Walking with Oscar Romero this Holy Week

Walking with Oscar Romero this Holy Week 2018-03-23T10:25:28-04:00

This year we welcome Holy Week with Oscar Romero. This modern-day martyr has been a reminder for me of the cost of discipleship in many ways and I for one am grateful to be reminded of his example as I prepare for the Passion Sunday and the Triduum.

Today, 38 years ago,  he preached a Sunday morning sermon, in which he called on the Salvadorian soldiers in his community to stop their government sanctioned repression of the people and to submit to God, concluding with the following words which stirred the whole assembly to a frenzied ovation:

“En nombre de Dios, pues, y en nombre de este sufrido pueblo, cuyos lamentos suben hasta el cielo cada día más tumultuosos, les suplico, les ruego, les ordeno en nombre de Dios:Cese la represión”

Translated:

“In the name of this suffering people, whose cries rise to heaven each day more tumultuous, I beseech you, I beg you, I order you, in the name of God, stop the repression.”
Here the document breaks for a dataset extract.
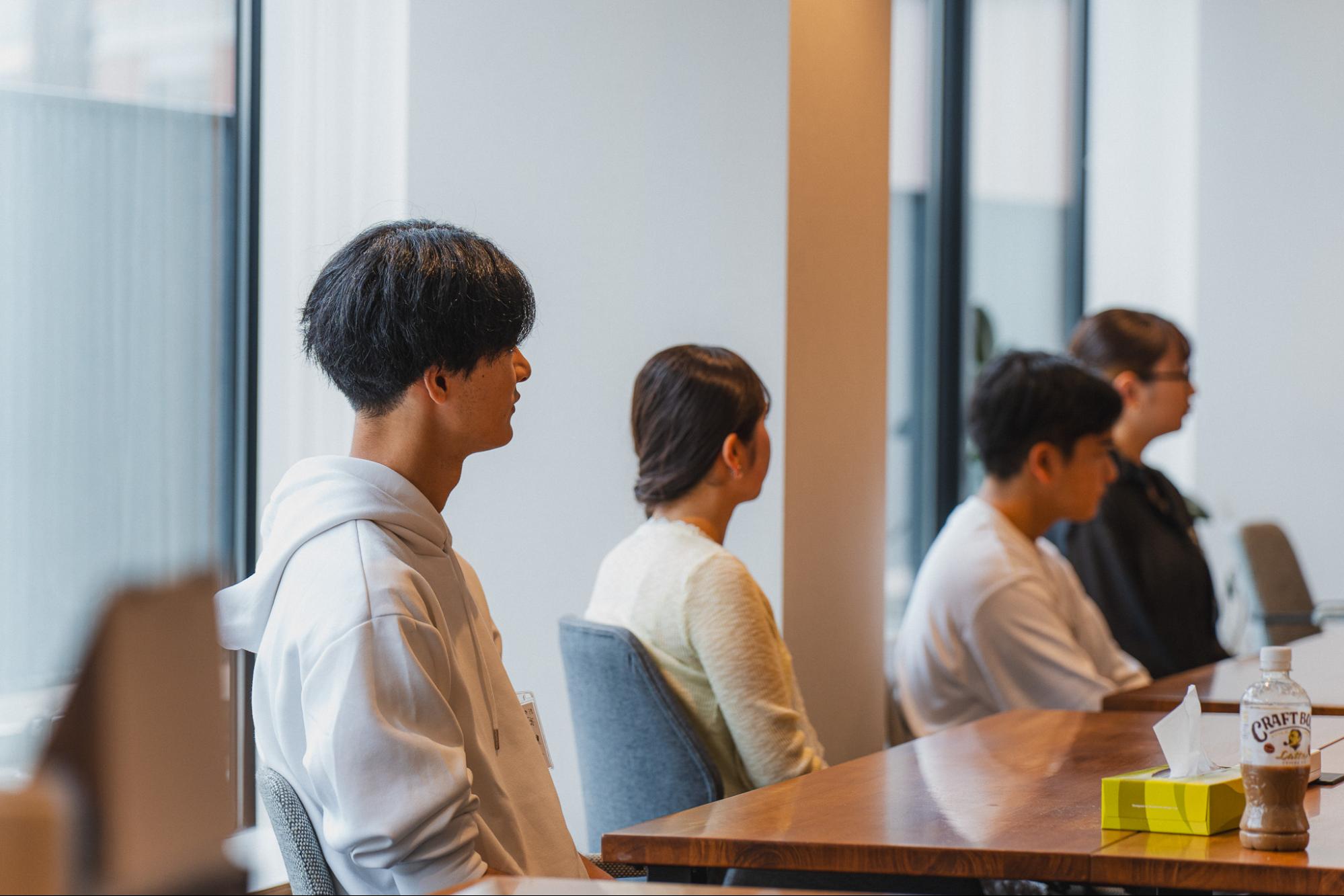 少し緊張した表情を浮かべながら、内定者の皆さんが入室してきました。GAでは働く上で身なりの制限はほとんど設けず、「個性を活かして自分らしく等身大で働く」ことを大切にしています。この日も同様に、服装や髪型、ネイルなどの制限は設けず、自分らしいスタイルで参加してもらいました。

He knew this kind of preaching was dangerous but for him, but the preaching of the Gospel meant embracing the cross of Christ over his own life. He stated in his book The Violence of Love, 

“If we are worth anything, it is not because we have more money or more talent or more human qualities. Insofar as we are worth anything, it is because we are grafted onto Christ’s life, his cross, and resurrection. That is a person’s measure.”
(See page 124)

His stance with the vulnerable and oppressed people of his community led to the final cross in Fr. Romero’s life. The day after his challenging sermon, as he celebrated the vigil mass for the feast of the Annunciation in a local hospital, he was gunned down by a sniper.

I find it somehow beautiful that he was killed while celebrating the feast that marked the composition of one of the most beautiful testimonies in all of scripture of God’s preferential option for the poor, the Magnificat. In the Magnificat, the blessed virgin Mary sings:

[God] has cast down the mighty from their thrones,
and has lifted up the humble.
He has filled the hungry with good things,
and the rich he has sent away empty.

I am looking forward to his canonization which will hopefully have a confirmed date soon. The Episcopal Church has already begun to honor his feast day, and they offer us this great prayer in honor of Oscar Romero:

Almighty God, you called your servant Oscar Romero to be a voice for the voiceless poor, and to give his life as a seed of freedom and a sign of hope: Grant that, inspired by his sacrifice and the example of the martyrs of El Salvador, we may without fear or favor witness to your Word who abides, your Word who is Life, even Jesus Christ our Lord, to whom, with you and the Holy Spirit, be praise and glory now and for ever. Amen.